Cette fois la tentation l’emporte, ou plutôt la nature, et lorsque Marguerite revient chercher son fils, elle ne fait plus un vain appel au cœur où vient de s’éveiller inopinément une tendresse nouvelle. Le pauvre ermite, affaibli par les jeûnes, énervé par la solitude, pleure et sanglote comme une femme en apprenant qu’il est père. C’est ce moment que Marguerite choisit pour évoquer devant lui tour à tour les souvenirs sacrés de tout ce qu’il abandonne en se refusant au monde : son vieux père infirme, sa mère privée d’appui, ses frères qu’il a maudits et qu’il doit réconcilier avec leurs parens. Elle lui raconte comment la douce Catherine, sa pauvre petite sœur infirme, est morte tout récemment en l’appelant et sans qu’il vînt lui fermer les yeux. Et ces âmes enfin dont il a charge, dont le Seigneur un jour lui demandera compte, y songe-t-il bien ? Lui opposerait-il ses vœux monastiques? Mais il les a déjà rompus, car ils l’obligeaient à porter de tous côtés la sainte parole, et il s’est lâchement réfugié dans une solitude inféconde... Ébloui par les lumières qui frappent de toutes parts ses yeux dessillés, frère Clément se laisse enfin entraîner et va s’établir avec son fils dans le presbytère où sa mère les attend. Marguerite s’éloigne ensuite de cette maison habitée par tout ce qu’elle aime.
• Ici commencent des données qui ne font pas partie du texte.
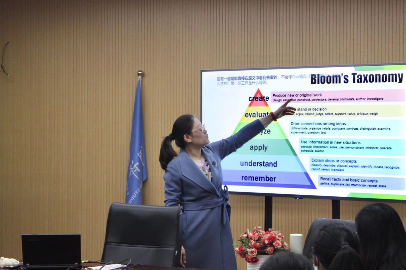 讲座伊始,刘瑶老师用图表比较了国内外人均读书量的差异,并询问了同学们的读书情况。她强调,在阅读过程中,不仅需要了解文章的大体内容,更需要精读文章,了解文章深层次的意义。接着,她指出在美国小学的课程中,阅读所占的比重较大并和写作相结合,在课堂中老师会要求同学们按照“cold read ,warm read ,and hot read”的模式阅读三遍文章,并且在阅读过程中要积极思考。老师课堂上给学生讲解阅读技巧,介绍阅读方法,并引入了很多图表工具等来帮助学生理解、思考、提高阅读的速度和有效性,老师们采用布卢姆的分类法,把阅读分为六个层次:记忆、理解、应用、分析、评估和创作,提倡教学应促进学生高级认知能力,培养学生创新思维并鼓励学生创作自己的作品。
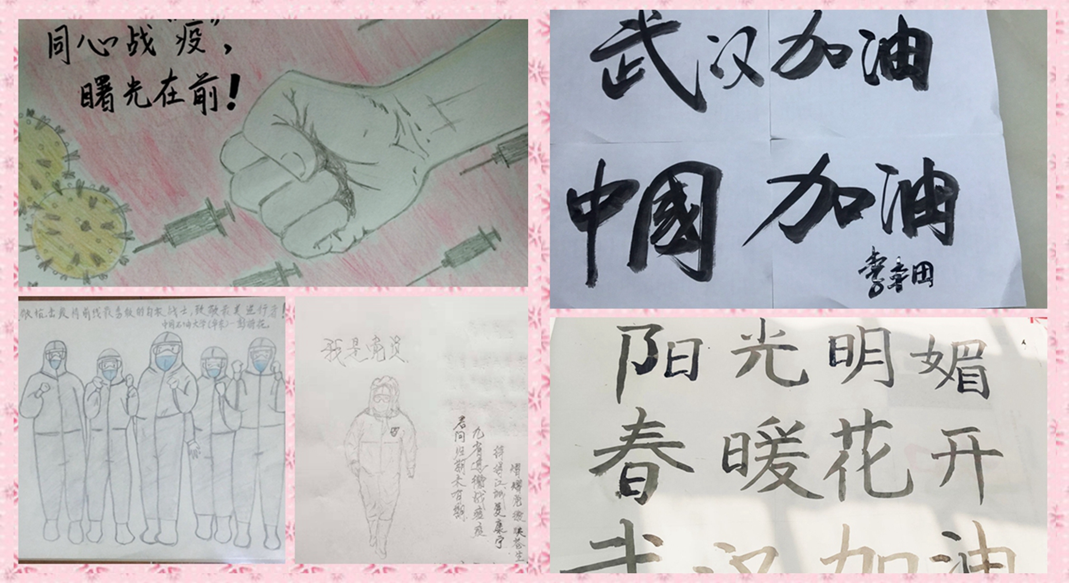 不在一线抗疫,后方支援努力。除募捐外,各学生党支部也通过书法、文字、绘画、音乐、剪纸等形式展现青年一代对民族、国家、社会、人民强烈的责任感和积极向上的良好精神面貌,表达对祖国的美好祝福,坚定战“疫”必胜的信心。

Tout au plus, jusqu’au moment où Gérard la rappellera, osera-t-elle à la dérobée venir de temps à autre embrasser leur enfant.

Ici s’arrêterait infailliblement un roman catholique; mais dans un pays où le célibat ecclésiastique est anathématisé par plus d’une bouche chrétienne comme « une invention vraiment infernale[1], » il est naturel que, malgré la délicatesse de la situation, Marguerite

  1. Nous citons à dessein les expressions mêmes de M. Reade : celibacy of clergy, an invention truly fiendish.